# [Activity]
Transcribe, starting at the line with "Rubinrot Korpus Lichtgrau" and ending at the line with "咦! 味道還不賴耶! 酸酸甜甜的, 根本就沒有那種讓以諾麻害怕的藥味呀!", every line of the material below exactly, but leave out the pictures and anything outside that span.

# [Extracted material]
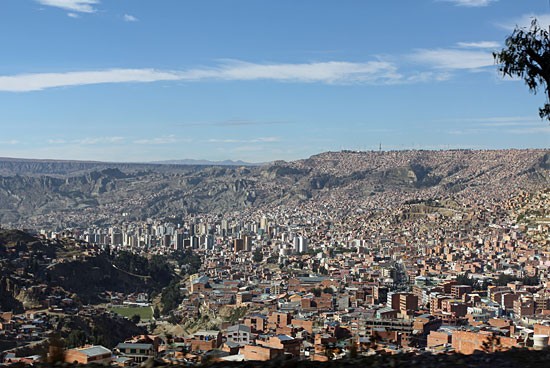 De stad El Alto omringt de kom waar La Paz in ligt. Als we stilstaan op de rand zien we vierhonderd meter onder ons in de diepte de Boliviaanse hoofdstad liggen. Ingeklemd in de kom van de omringende bergen ligt een miljoenenstad bestaande uit een wirwar van straatjes, wegen, huizen met in het midden een handvol indrukwekkende wolkenkrabbers.
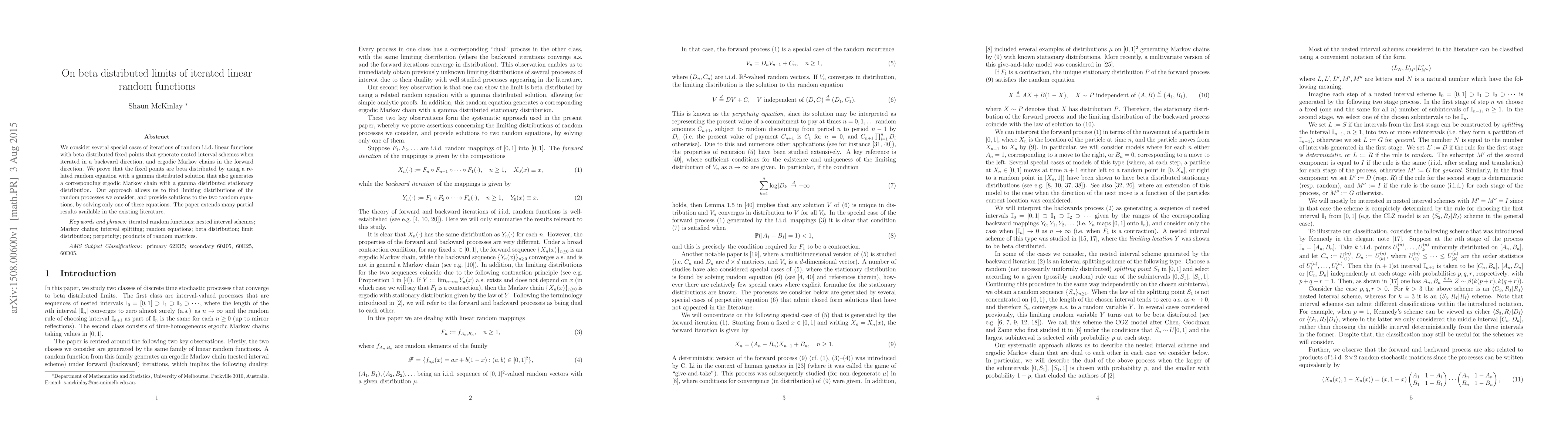 The paper employs a mathematical approach involving iterations of random i.i.d. linear functions with beta distributed fixed points, generating nested interval schemes in backward direction and ergodic Markov chains in forward direction. It uses a related random equation with a gamma distributed solution to prove the beta distribution of fixed points and find limiting distributions.
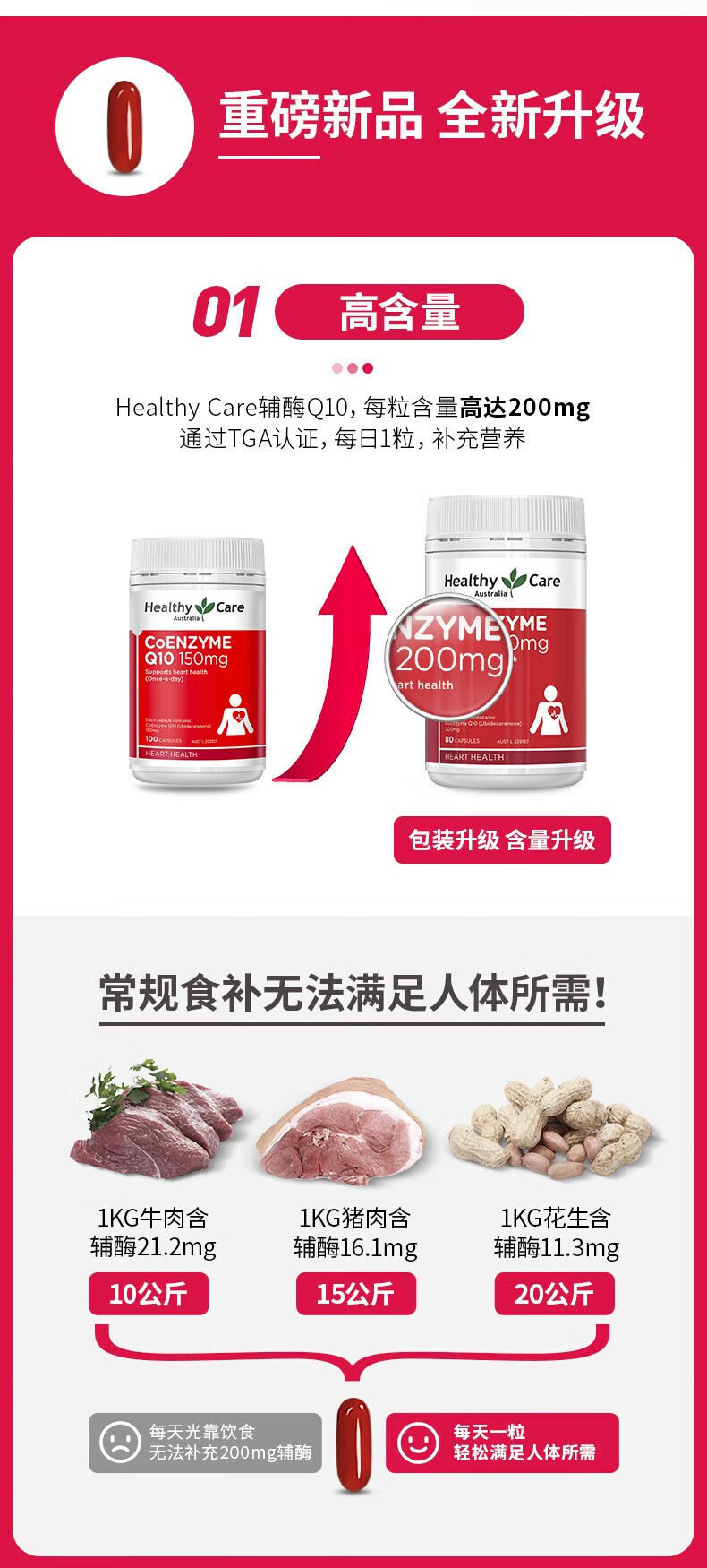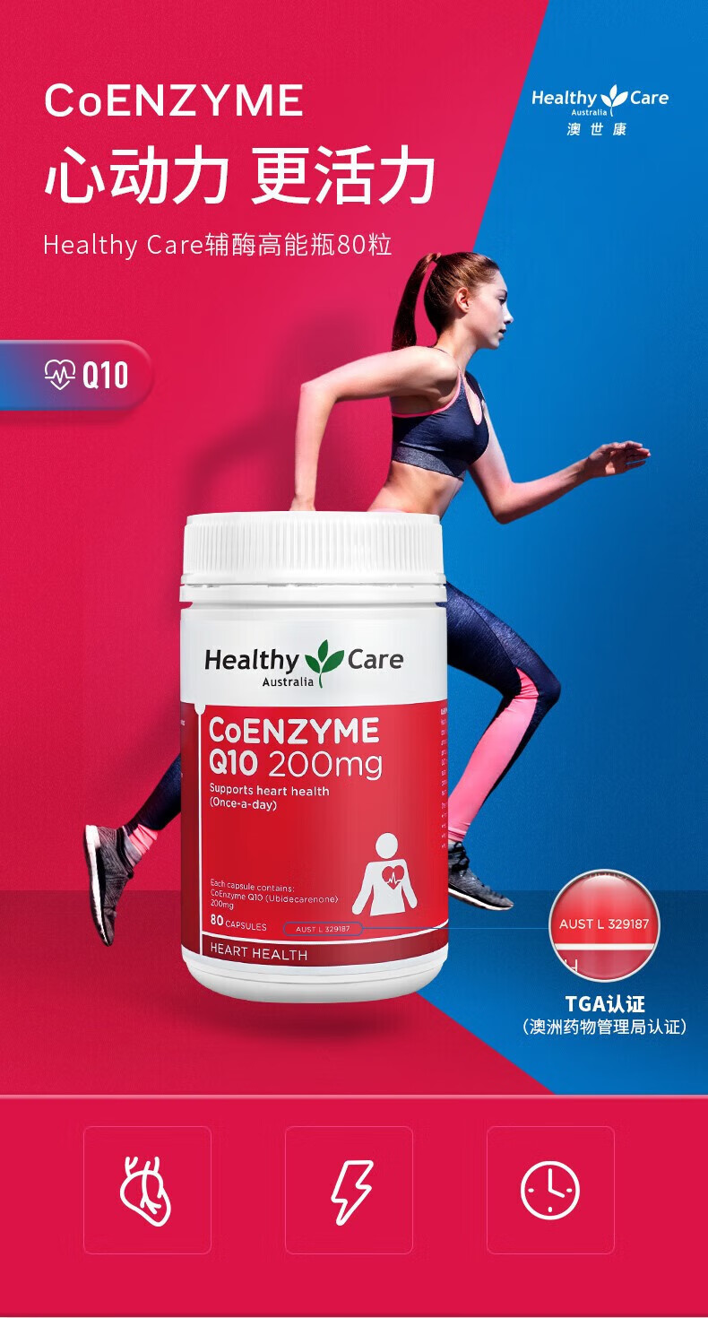 【保税仓】Healthy Care辅酶Q10胶囊 200mg 80粒 效期26.9月
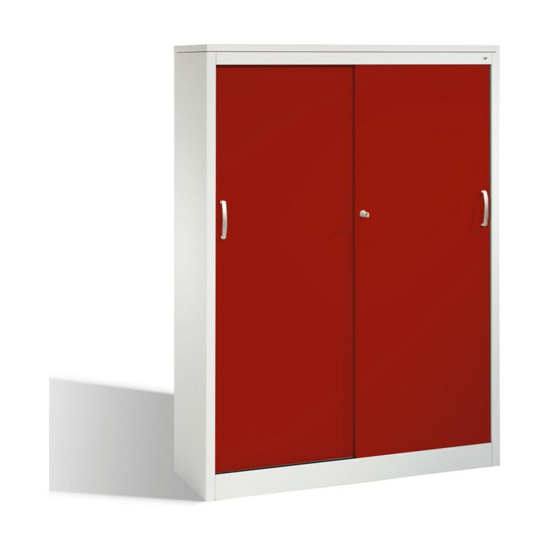 • 1x C+P Akten-Sideboard Acurado mit Schiebetüren, 4 Ordnerhöhen, H1600xB1200xT400mm Front Rubinrot Korpus Lichtgrau
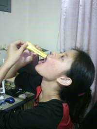 咦! 味道還不賴耶! 酸酸甜甜的, 根本就沒有那種讓以諾麻害怕的藥味呀! 反而還是以諾麻喜歡的酸V啊~酸V口感, 真是太讚囉!
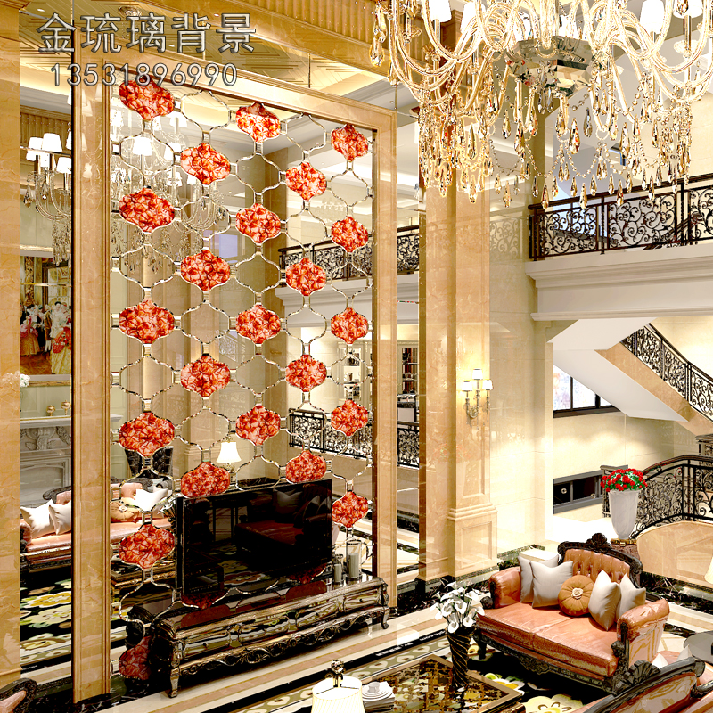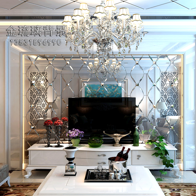 European-style porch art glass living and dining room TV sofa mirror diamond-shaped black tea gray silver mirror film and television background wall

# [Exercise result]
 • 1x C+P Akten-Sideboard Acurado mit Schiebetüren, 4 Ordnerhöhen, H1600xB1200xT400mm Front Rubinrot Korpus Lichtgrau
 咦! 味道還不賴耶! 酸酸甜甜的, 根本就沒有那種讓以諾麻害怕的藥味呀! 反而還是以諾麻喜歡的酸V啊~酸V口感, 真是太讚囉!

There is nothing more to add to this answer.